Aim of the exercise:
Could you repeat the data word for word while skipping the pictures?

(Data records)

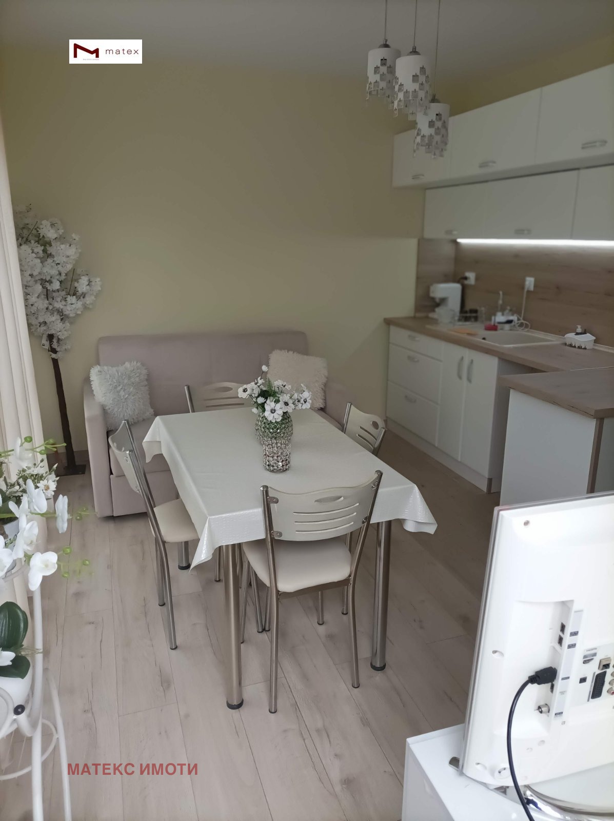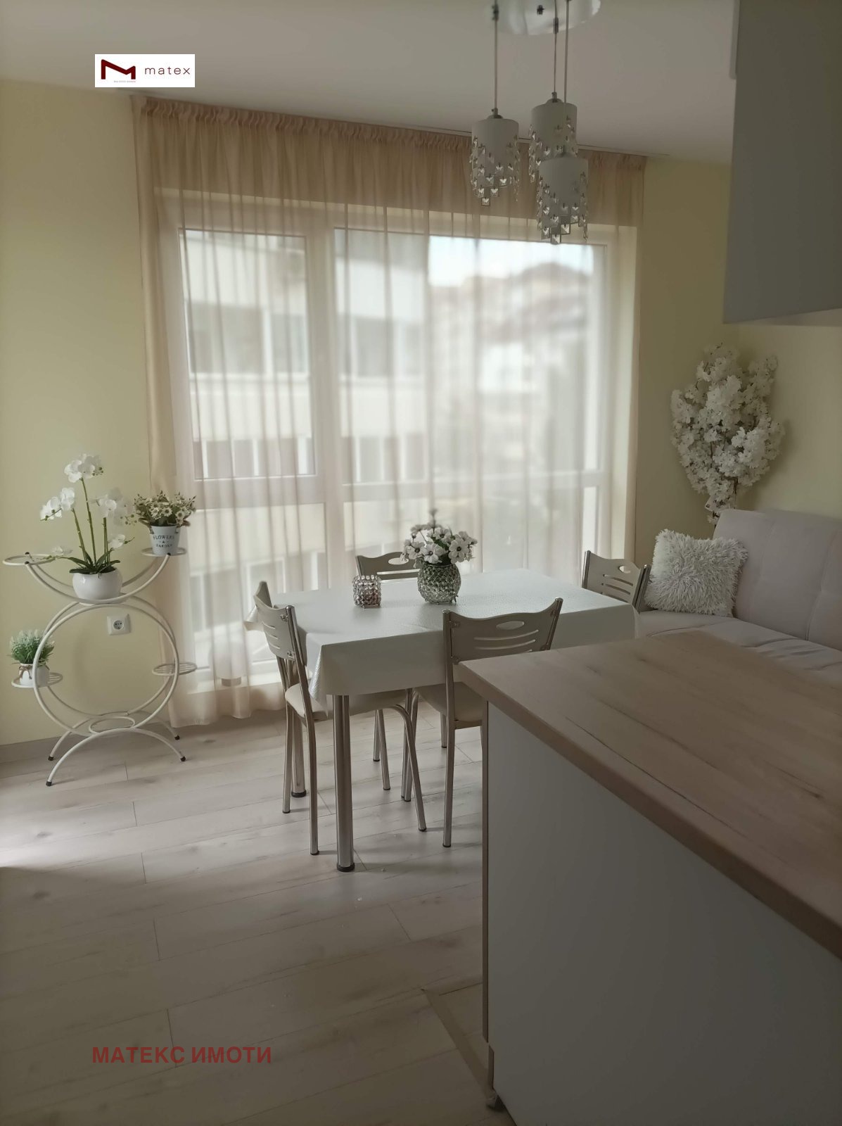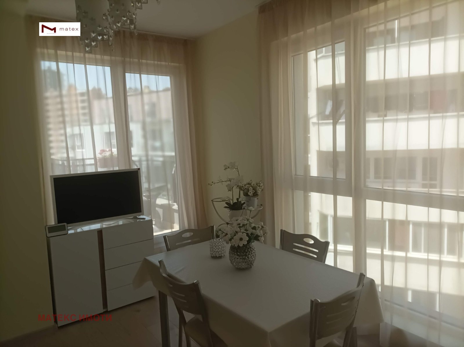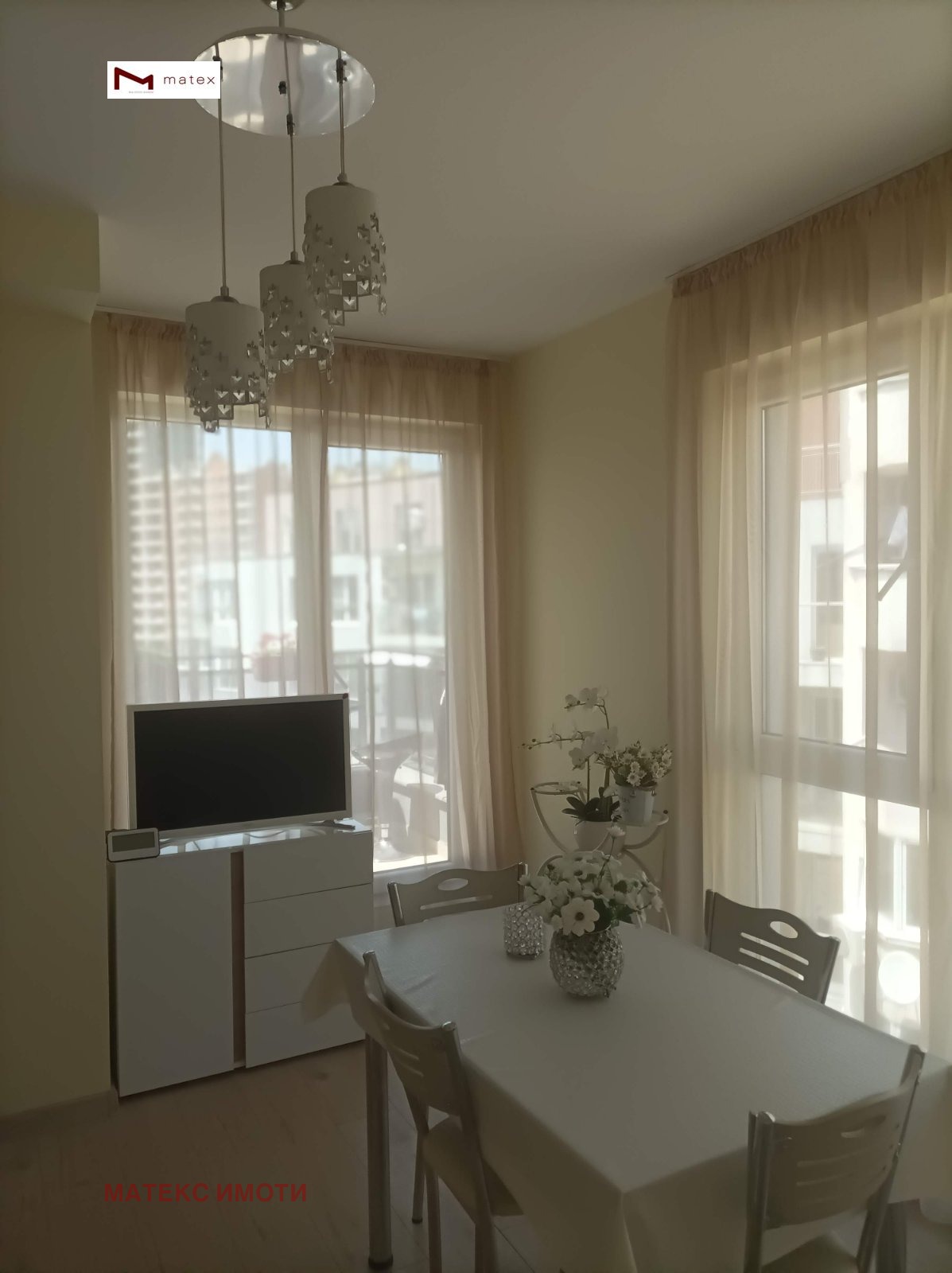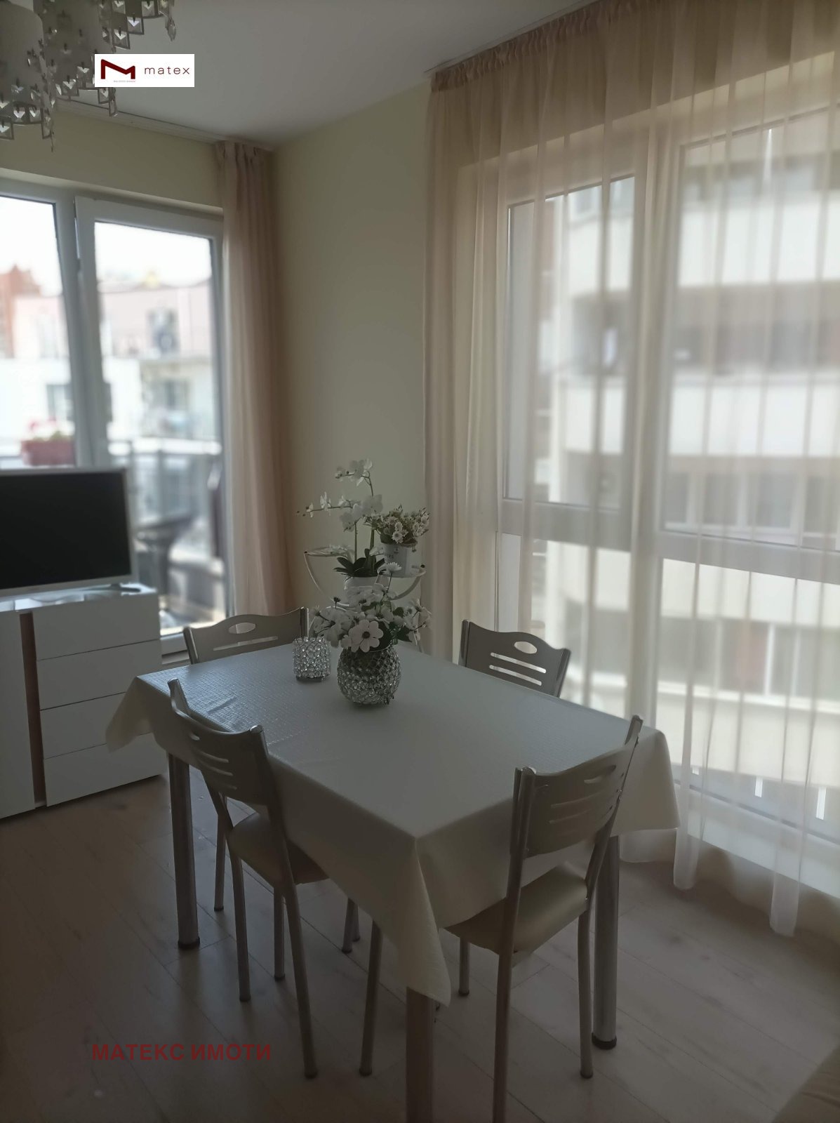 РАЗКОШЕН ДВУСТАЕН ТУХЛЕН ОБЗАВЕДЕНАПАРТАМЕНТ!!! ГОТОВ ЗА НАНАСЯНЕ!!! Матекс имоти и брокер Петя Касабова предлагат за свои клиенти за продажба двустаен апартамент в квартал Победа. Жилището е ситуирано на пети етаж от щестетажна сграда (непоследен етаж) в сграда с акт 16. Предлага се с чисто ново обзавеждане, качествени материали и мебели. Имотът се състои от входно антре , баня с тоалетна, дневна 15 кв.м. , спалня 9 кв.м., разкошна тераса с неповторима гледка и простор - 8 кв.м. и втора тераса към спалнята.
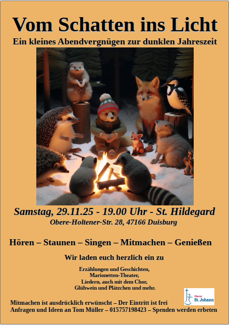 Im Gemeindesaal St. Hildegard kommen wir ab 19.00 Uhr zusammen, um unsere Talente zu zeigen und die der anderen zu bestaunen. Geschichten werden kunstvoll erzählt,
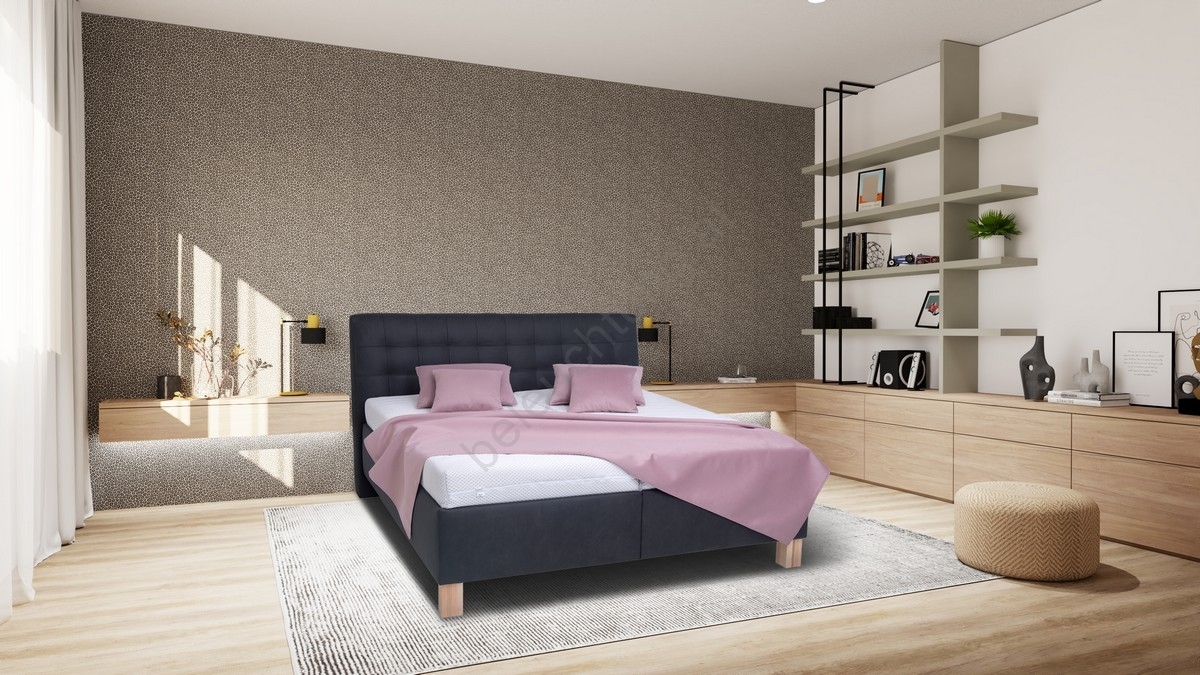 • Das markant gesteppte, elegante Kopfteil verleiht dem Bett ein raffiniertes Erscheinungsbild und erhöht den Komfort beim Anlehnen.
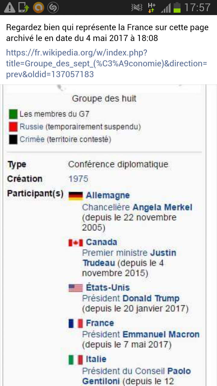 Pour celles et ceux qui doutent que l'élection était jouée d'avance, voici la capture d'écran que j'ai faite le 4 mai à 2017 à 18H08 alors même que les français ne s'étaient pas encore prononcé dans les urnes, Emmanuel Macron est annoncé comme Président de la République le 26 et 27 mai prochain au G8 de Taormina en Sicile.
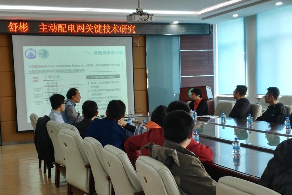 报告会上,舒彬高工以北京电力经济技术研究院参加的国家863计划课题“主动配电网关键技术研究及示范”为核心,详细介绍了该研究针对多类型分布式能源的大量接入、用户与配电网的双向互动及电力电子设备广泛应用给配电网带来的影响,建立配电网规划、管理、运行和控制方式的新理论和新方法。其中,舒彬高工重点讲授了主动配电网规划及规划运行互动决策、供电质量控制、多能源协同交互控制、基于多源信息融合的态势感知等关键技术,综合配电终端单元和快速切换装置,运行控制系统、规划决策系统和信息平台,以及北京亦庄和福建厦门主动配电网示范工程。报告会的互动环节,参会的老师和同学们与舒老师进行了深入交流。
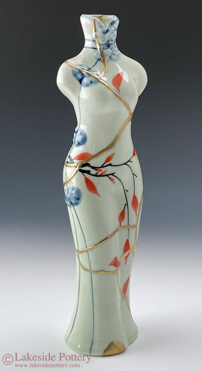 14 Before and After Kintsugi - Woman figure Cheongsam bud vase with Lotus design was repaired using 23.5K gold Kintsugi process. In Eastern religions such as Hinduism and Buddhism, the red lotus flower is often regarded as a representation of purity, rebirth, and divinity. It symbolizes rising from a dark place into beauty and rebirth very much similar to the meaning of Kintsugi.
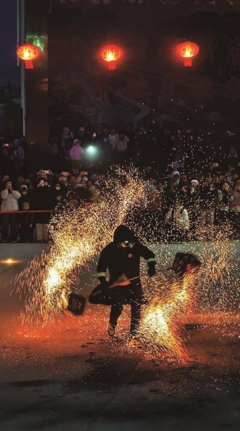 “起!”一聲吆喝聲下,孫長勝舀起熾熱的鐵水奮力拋向空中,另一人手持木板迅猛擊打。剎那間,鐵花凌空綻放,如流星破空,漫天火星流光溢彩,將夜空照得通亮。每一次驚艷綻放都引來全場歡呼,震撼的畫面讓觀眾沉醉不已。
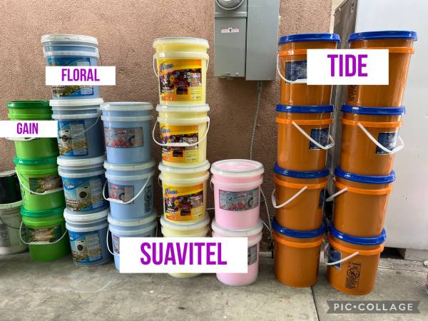 Jabon para lavar cubeta de 5 galones a $37 Bucket of 5 gallons of detergent for $37 Caja en $40 Box for $40

Exercise answer:
 РАЗКОШЕН ДВУСТАЕН ТУХЛЕН ОБЗАВЕДЕНАПАРТАМЕНТ!!! ГОТОВ ЗА НАНАСЯНЕ!!! Матекс имоти и брокер Петя Касабова предлагат за свои клиенти за продажба двустаен апартамент в квартал Победа. Жилището е ситуирано на пети етаж от щестетажна сграда (непоследен етаж) в сграда с акт 16. Предлага се с чисто ново обзавеждане, качествени материали и мебели. Имотът се състои от входно антре , баня с тоалетна, дневна 15 кв.м. , спалня 9 кв.м., разкошна тераса с неповторима гледка и простор - 8 кв.м. и втора тераса към спалнята.
 Im Gemeindesaal St. Hildegard kommen wir ab 19.00 Uhr zusammen, um unsere Talente zu zeigen und die der anderen zu bestaunen. Geschichten werden kunstvoll erzählt,
 • Das markant gesteppte, elegante Kopfteil verleiht dem Bett ein raffiniertes Erscheinungsbild und erhöht den Komfort beim Anlehnen.
 Pour celles et ceux qui doutent que l'élection était jouée d'avance, voici la capture d'écran que j'ai faite le 4 mai à 2017 à 18H08 alors même que les français ne s'étaient pas encore prononcé dans les urnes, Emmanuel Macron est annoncé comme Président de la République le 26 et 27 mai prochain au G8 de Taormina en Sicile.
 报告会上,舒彬高工以北京电力经济技术研究院参加的国家863计划课题“主动配电网关键技术研究及示范”为核心,详细介绍了该研究针对多类型分布式能源的大量接入、用户与配电网的双向互动及电力电子设备广泛应用给配电网带来的影响,建立配电网规划、管理、运行和控制方式的新理论和新方法。其中,舒彬高工重点讲授了主动配电网规划及规划运行互动决策、供电质量控制、多能源协同交互控制、基于多源信息融合的态势感知等关键技术,综合配电终端单元和快速切换装置,运行控制系统、规划决策系统和信息平台,以及北京亦庄和福建厦门主动配电网示范工程。报告会的互动环节,参会的老师和同学们与舒老师进行了深入交流。
 14 Before and After Kintsugi - Woman figure Cheongsam bud vase with Lotus design was repaired using 23.5K gold Kintsugi process. In Eastern religions such as Hinduism and Buddhism, the red lotus flower is often regarded as a representation of purity, rebirth, and divinity. It symbolizes rising from a dark place into beauty and rebirth very much similar to the meaning of Kintsugi.
 “起!”一聲吆喝聲下,孫長勝舀起熾熱的鐵水奮力拋向空中,另一人手持木板迅猛擊打。剎那間,鐵花凌空綻放,如流星破空,漫天火星流光溢彩,將夜空照得通亮。每一次驚艷綻放都引來全場歡呼,震撼的畫面讓觀眾沉醉不已。
 Jabon para lavar cubeta de 5 galones a $37 Bucket of 5 gallons of detergent for $37 Caja en $40 Box for $40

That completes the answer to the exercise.